Mme Jérôme-Forget indiquera peut-être quelques pistes jeudi. Il est cependant douteux que le gouvernement ait l'autorité morale nécessaire pour convaincre la population de la nécessité d'un virage majeur. Quand il a réussi à mobiliser le Québec tout entier dans la quête du déficit zéro, au sommet de mars 1996, Lucien Bouchard était encore au sommet de sa popularité.
C'est très loin d'être le cas de M. Charest et de sa ministre des Finances. À peine trois mois après les dernières élections générales, ils sont les deux personnalités politiques dont les Québécois ont la plus mauvaise opinion, selon le plus récent baromètre de Léger Marketing.

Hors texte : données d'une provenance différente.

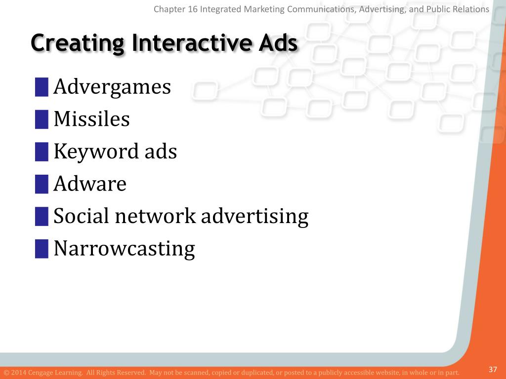 Creating Interactive Ads • Advergames • Missiles • Keyword ads • Adware • Social network advertising • Narrowcasting

Que l'objectif soit de réduire la dimension de l'État ou d'introduire une toute nouvelle philosophie en matière de tarification des services publics, la confiance est un ingrédient indispensable. Les sacrifices ne peuvent être acceptés que dans la mesure où leur justification ne fait aucun doute, sous peine de compromettre sérieusement le climat social.
Malheureusement, au cours des derniers mois, le gouvernement Charest a lamentablement échoué au test de la franchise. Ce n'est certainement pas la comparution de Mme Jérôme-Forget en commission parlementaire et la nomination tout à fait irrégulière du nouveau président de la Caisse de dépôt qui vont arranger les choses.